As an MSP, it is imperative to maximize profits while minimizing costs. However, cutting corners to lower capital and operating expenses can be disastrous: platforms can suffer from lower availability and stability levels, which can lead to unsatisfied customers. The biggest area where many MSPs are still not well-optimized is using their available resources.
For instance, in an on-premises, non-virtualized platform, each workload tends to run on a physical server and will have its own volatile and permanent memory. The server and available memory will have been calculated on a ‘best guess’ basis – what will be needed to support the workload when it hits an average peak rather than what it will need when it hits an abnormal peak.
Even an average peak usually means that the workload will be running below the CPU and volatile memory levels allocated to it. Research has shown that the overall CPU load for a physical server is rarely above 10 percent, and volatile memory usage can be even lower. For an organization, that’s a lot of capital, real estate, energy, and maintenance costs tied up in systems that do little to nothing. As such, sharing resources across workloads is needed to increase overall usage levels.
MSPs have an advantage
By managing resources effectively, an MSP massively undercuts what a prospect or customer can do on a dedicated platform.
The first example is where the MSP has many customers (preferably running different, counter-cyclical workloads). For the sake of argument, let’s assume that it has 1,000 customers. Now, if each of these customers tried to operate their workload against their server, they would need to architect the server to meet their specific requirements. For the MSP, it knows that it has 1,000 workloads to deal with. With a bit of planning and continuous monitoring and analysis, it can figure out the actual base load of those 1,000 workloads. Some will essentially be in sleep mode; some will be barely running; some will be peaking – but each workload will sleep, barely run, or peak at different times.

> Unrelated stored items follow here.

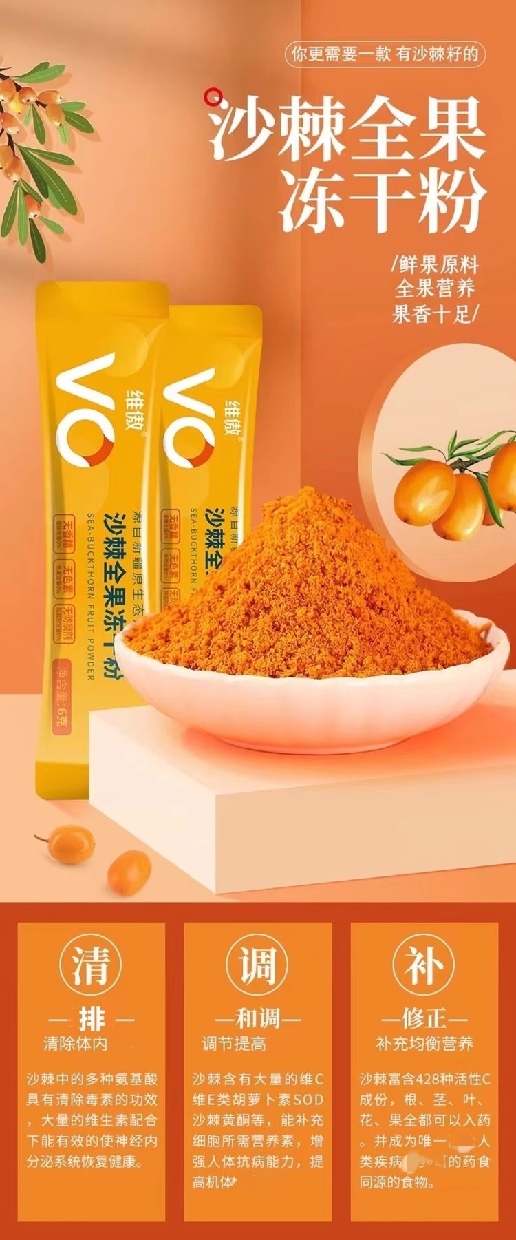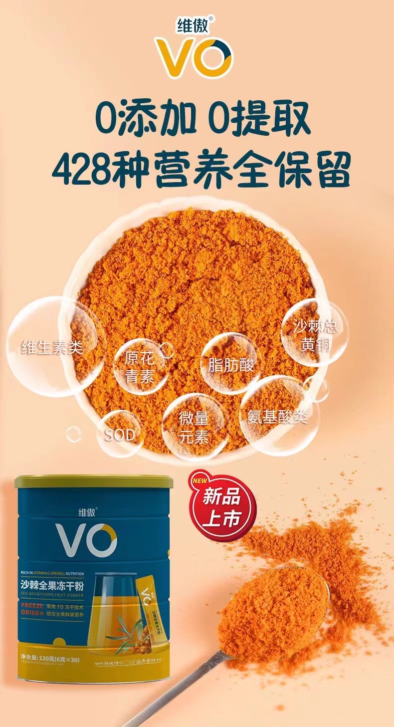 维傲·沙棘全果冻干粉 120g/桶 (6g* 20包) 全果营养不流失 酸甜适口不涩嘴
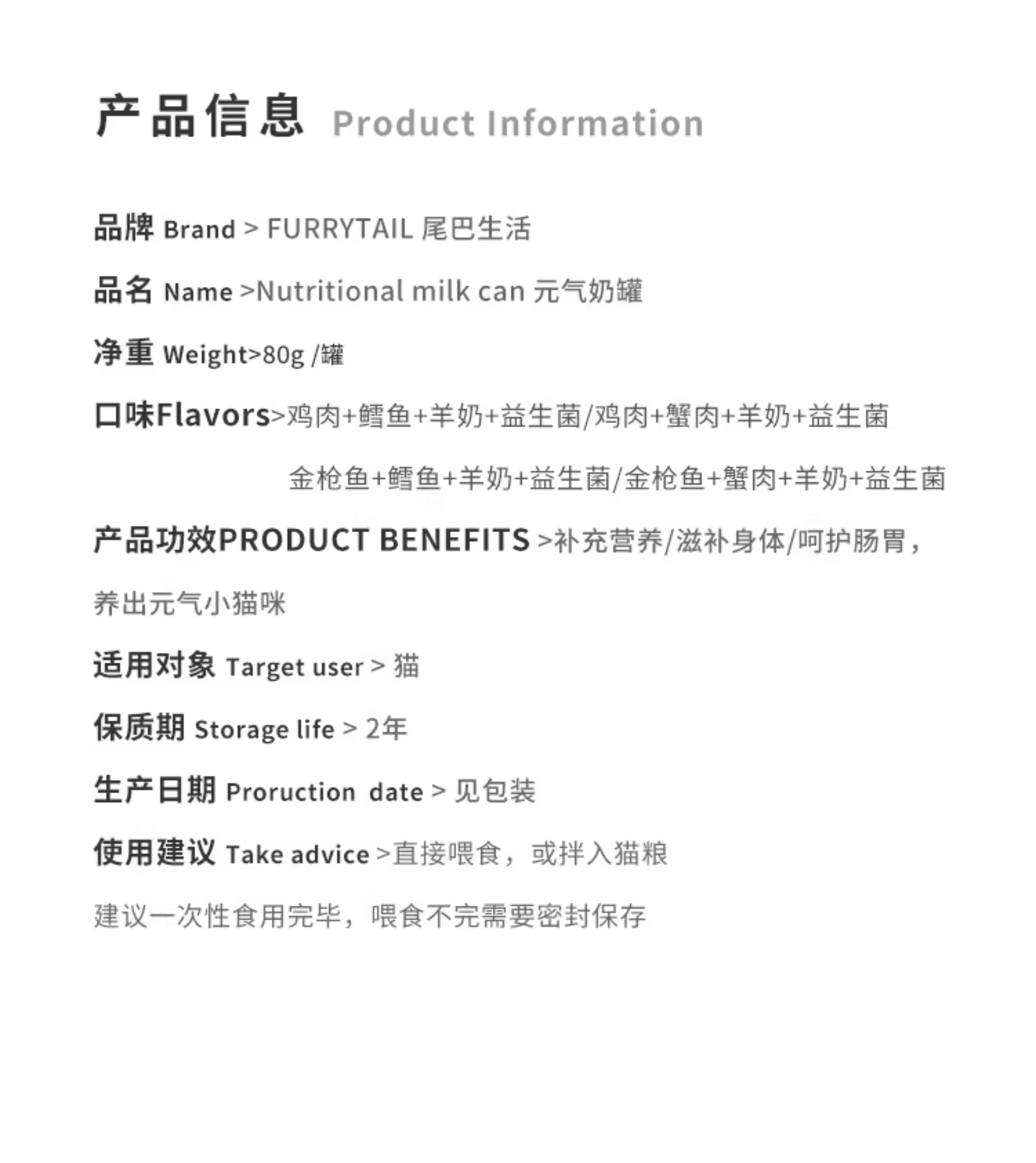 尾巴生活 猫咪罐头元气奶糕幼猫慕斯湿粮 80g
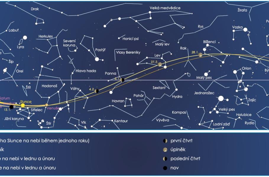 A co zbývající dvě planety viditelné pouhýma očima? Zářivá Venuše, dosahující −3,9 mag, bude pozorovatelná jen na počátku ledna na ranní obloze nad jihovýchodem v souhvězdí Hadonoše. S Marsem a jeho 0 mag zavládne o poznání lepší situace. Během ledna a února se přesune z Ryb přes Berana do Býka, a bude tudíž dohledatelný v první polovině noci nad jihem až západem.
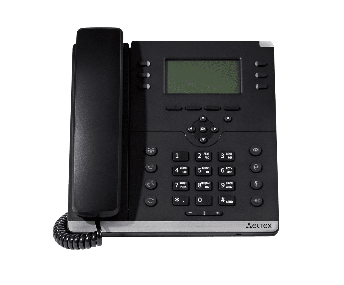 Eltex VP-15 - SIP-телефон, оснащенный 2-мя портами RJ45 и информативным экраном. Поддерживает 2 SIP-аккаунта с независимой настройкой.
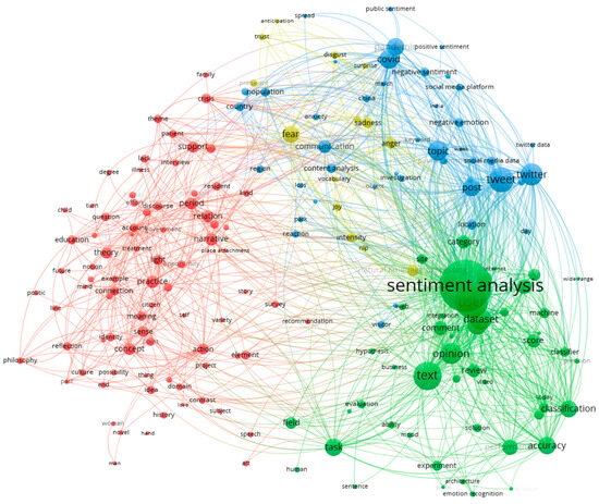 The bibliometric analysis of the results of the search in the Web of Science scientific literature database using the keyword combination, “emotion and sentiment analysis of place”, was performed using VOSviewer software version 1.6.20. The graph generated using VOSviewer [19] (Figure 2) highlights four distinct clusters of frequently co-occurring terms in publications related to emotion and sentiment analysis of place. The two predominant clusters (green and red) are larger and more densely connected, reflecting key thematic areas in this research domain.
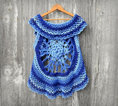 This is a crochet pattern, designed by me, for a circle vest that immediately draws the eye with its blue shades and large layered rose in the center of a delicate snowflake motif!
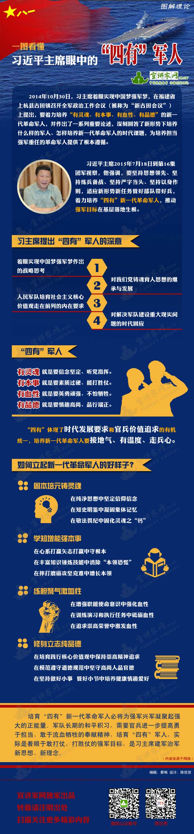 核心提示:培育“四有”新一代革命军人必将为强军兴军凝聚起强大的正能量。军队长期的和平积习,需要官兵进一步提高勇于担当、敢于流血牺牲的奉献精神,培育“四有”军人,实际是着眼于敢打仗、打胜仗的强军目标,是习主席建军治军新思想、新理念。
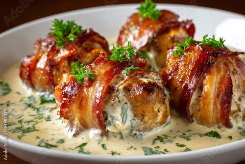 bacon, chicken, medallion, parsley, epicure, dinner, food, cookery, meal, delicious, savoury, cooked, dish, homemade, eatery, presentation, plating, receipe, rich, comfort food, eating, healthy eating, protein, gastronomy, special occasion, celebration, festive, fine dining, side dish, main course, culinary, chef, professional, poultry, wrapped, stuffing, filling, cheese, spinach, herb, cream, sauce, plate, white bowl, closeup
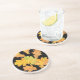 Portas copos na moda com uma design colorida de folhas de carvalho de outono num fundo preto.
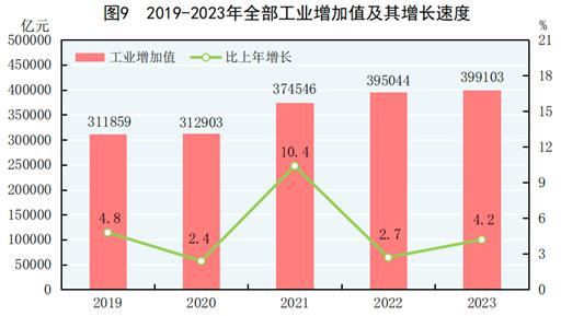 全年全部工业增加值399103亿元,比上年增长4.2%。规模以上工业增加值增长4.6%。在规模以上工业中,分经济类型看,国有控股企业增加值增长5.0%;股份制企业增长5.3%,外商及港澳台商投资企业增长1.4%;私营企业增长3.1%。分门类看,采矿业增长2.3%,制造业增长5.0%,电力、热力、燃气及水生产和供应业增长4.3%。

Therefore, a good starting point is to create a platform where the available overall resource is enough to meet the average needs of those 1,000 workloads, then slowly add more. Then, as one of the 1,000 workload peaks beyond the normal average, some of those added resources can be allocated to meet its needs – and then taken back into the resource pool when the workload’s peak has finished.
The ‘added bit’ of resources is generally good enough at around 20 percent – far less than would be required on a customer’s on-premises platform. However, the larger the number of customers, the more variable workloads an MSP will deal with, and the overage can be pulled back. For example, a 10,000 customer MSP will find that one workload peak will barely impact the overall platform and that a 5-10 percent overage on resources could be enough.

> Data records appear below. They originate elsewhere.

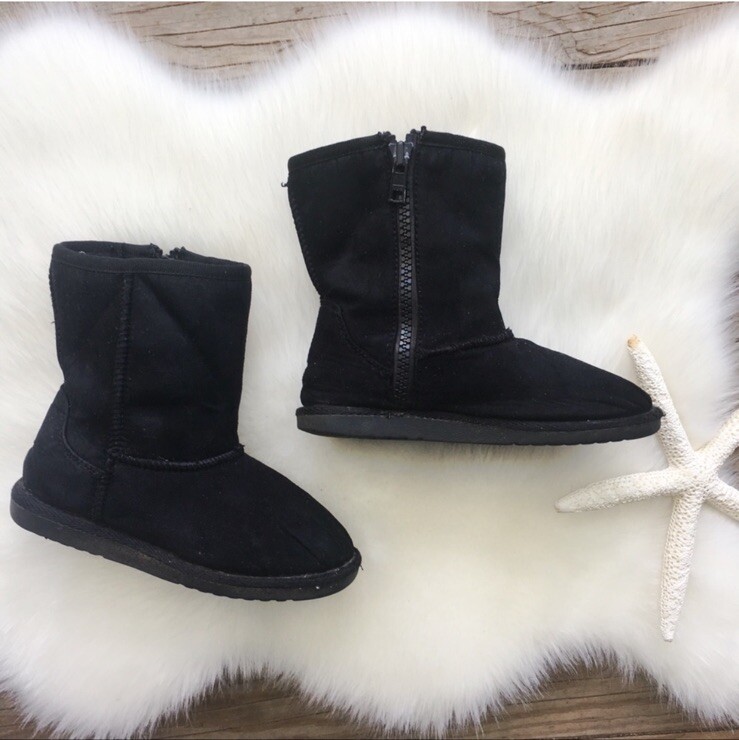AIRWALK Black Shearling Style Short Boots 8.5 Size 8.5 Color: Black Side zip Very Good condition gentle wear no rips (a toe scuff) So much life left. A nice vegan ugg alternative See pics...
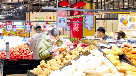 1月19日,我市迎来降雪及强降温天气,全市生活必需品供应稳定。各类蔬菜、水果、肉类等生活物资库存充足、价格平稳,充分满足市民日常采购需求。图为1月20日,市民在三门峡市区和平路美道家超市内选购新鲜蔬菜。 尚栋 摄
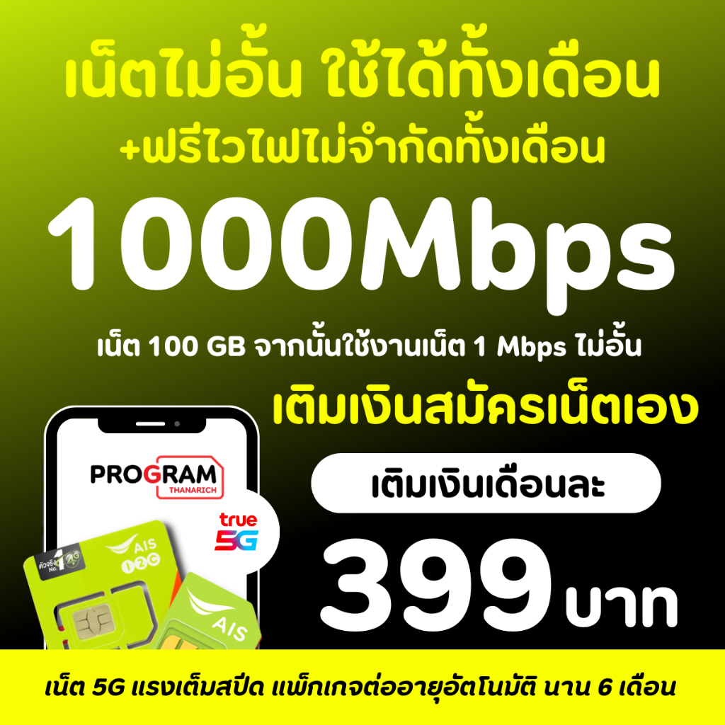 ซิมเทพ AIS เอไอเอส ซิมทรู ซิมเน็ตที่คุ้มที่สุด เน็ตเต็มสปีด โทรฟรีทุกค่าย เก็บเงินปลายทาง
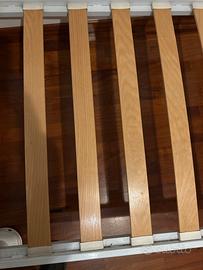Letto singolo per cameretta bambini in legno e metallo. Buone condizioni. Larghezza 90 Lunghezza 204 Altezza doghe 30 Altezza spalliera 70 (Cassettiera coordinata) No spedizione

Optimize resources through cloud platforms
The second example of effective resource management is where the MSP uses a public cloud platform, such as AWS or Azure. These platforms are already experts in resource planning, so an MSP using one of these platforms should make the most of what is available to minimize resource overage. This can include writing into customer contract clauses such as stating that abnormal peaks in workload while being fully supported, will result in premium charges to obtain resources from the cloud. This allows the MSP to pay minimum amounts to the cloud provider for the basic package but gain access to either premium, lower cost (lower performance), or scavenged resources if required from the cloud’s resource pool.
However, such resource management is not something that can either be managed by sticking a finger in the air or by manual means. Advanced workload monitoring and management via suitable systems management software with automated resource management capabilities will be required. Also, the software must be able to identify workloads that are completely misbehaving (through memory leaks or CPU runaway) and either throttle these workloads or shut them down completely.
Another way to optimize resource management is to use workload replatforming. Workloads that do not require the best resources at any time can be moved to a part of the MSP’s platform that has slower CPUs and memory, freeing up better resources for more demanding workloads. If that original workload suddenly requires a boost, it can rapidly be placed back onto a more expensive part of the platform.
In the end, having a low, relatively fixed platform cost allows the MSP to tailor solutions on top of that which meet the spend of the customer and to ensure that the customer’s needs are met on an ongoing basis.